Si "le sanglot de l’homme blanc" n’était pas déjà pris, ç'aurait fait un titre parfait pour ce sixième livre d’Alexandre Kauffmann, écrivain talentueux, attachant et atypique. Ecrit à la première personne, avec un sacré cynisme, un humour acide et une volonté de "sale gosse" de casser tous ses jouets, ce Black Museum est à la fois un récit de voyage décalé sous de tristes tropiques, bousillés par des aigrefins locaux qui exploitent le touriste imbécile, et un examen de conscience sans indulgence dont le héros narrateur ne sort guère grandi. Une espèce d’anti-Tintin en Tanzanie.
Un jour, donc, Alexandre, reporter free-lance anxieux et paranoïaque - peut-être l’un des effets secondaires de ses vieilles addictions à l’alcool et à la coke -, se fait envoyer par un magazine en Tanzanie, dans le pays des Hadzas, une tribu de chasseurs-cueilleurs survivant depuis la préhistoire, et apparemment imperméables au monde contemporain. Ils sont à peine mille, et leur langue "à clics" est incompréhensible. Belle occasion de partir en reportage et de damer le pion à tous ses concurrents : les Hadzas ne sont guère connus que d’un journaliste américain, qui leur a consacré un livre, et de Frank Marlowe, un anthropologue également yankee, qui traîne encore sur place avec son assistante, Caren.

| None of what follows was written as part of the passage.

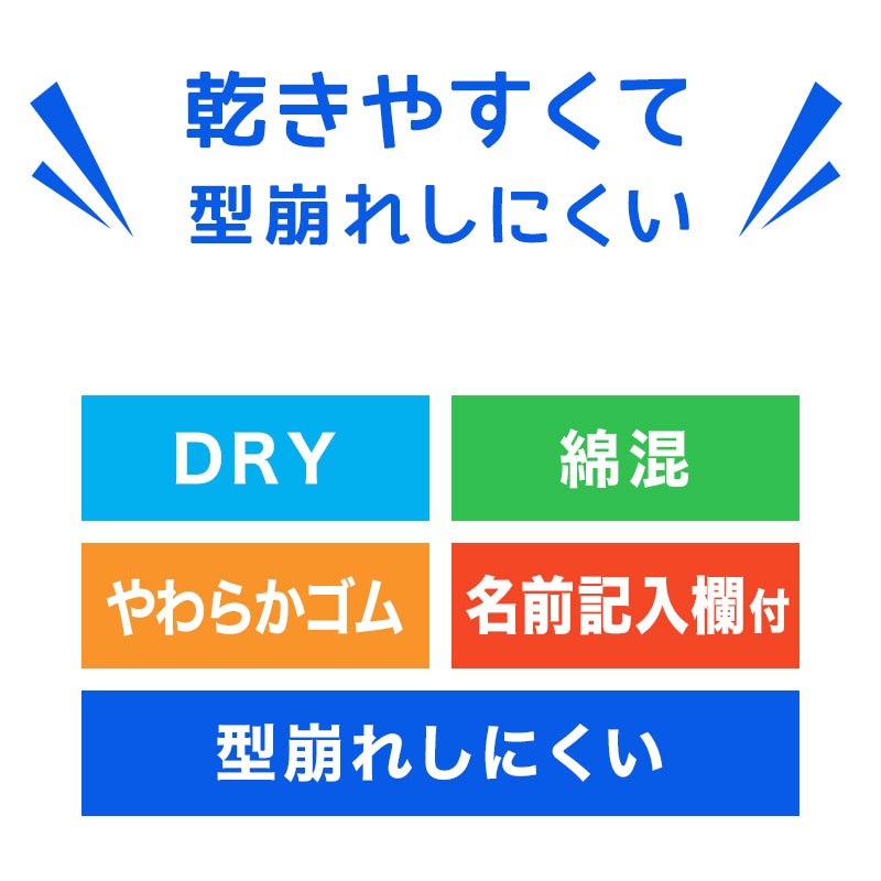 前あきタイプ/綿混/DRY(ドライ素材)/やわらかゴム/お名前記入欄あり/型崩れしにくい/色違い2枚組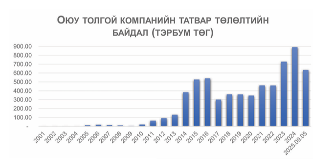 Сонсголоор сонирхол татсан татвар төлөлтийн талаарх нарийвчилсан мэдээллийг Татварын ерөнхий газрын Том татвар төлөгчийн газрын дарга С.Төгсжаргал өгсөн. Тус компани 2002 оноос эхлэн энэ оны 9 дүгээр сарын 5-ны байдлаар нийтдээ 6.4 их наяд төгрөгийн татвар, төлбөр, хураамжийг төвлөрүүлсэн тухай танилцуулсан. Үүнд 18 төрлийн татвар, хураамж, төлбөр багтаж байгаа юм. Компанийн албан татвар ногдуулалт, төлөлтийн байдалд 6 удаагийн хяналт шалгалт ТЕГ-аас хийсэн байна. Ингээд хяналт шалгалтын төлбөрөөр 2021 болон 2024 онд нийт 1.3 их наяд төгрөгийг төлжээ. 2002 оноос хойш 2025 оны III дугаар улирлын байдлаар "Оюу толгой" компани нийт 62.9 их наяд төгрөгийн зардал гаргасан тухай мөн Татварын ерөнхий газар мэдээллээ.

Dès l’abord, le chasseur de scoop va déchanter : les Hadzas sont complètement shootés à la marijuana, pas du tout coopératifs, totalement vénaux ; leurs jeunes portent des casquettes de rappeurs, roulent en moto et ont des téléphones portables. Le Blanc, le Mzungu, n’est pour eux qu’un gogo à plumer, surtout cornaqué par Matayo, un guide bidonneur devenu caïd local au cœur de tous les trafics. Il faudra au narrateur faire preuve de patience et retourner sur place vivre en compagnie de Grace, une photographe, pour trouver enfin un peu d’authenticité et une raison à toute cette aventure. Se faire même quelques vraies relations parmi les autochtones, qui disent de lui : "Je l’aime bien. C’est mon ami. Il me fait rire."
Entre-temps, en France, Alexandre a réglé son problème avec Marie, sa colocataire, une musicienne invivable, radine, parasite et mythomane. Il a surtout rompu les amarres avec son pays d’origine, pour se déraciner, tenter de s’oublier. Mais "on ne part pas", disait déjà Rimbaud. Black Museum est un beau livre mélancolique, qui déconstruit pas mal de nos fantasmes ethnologiques. Les Hadzas, eux, existeront-ils encore dans dix ans ? J.-C. P.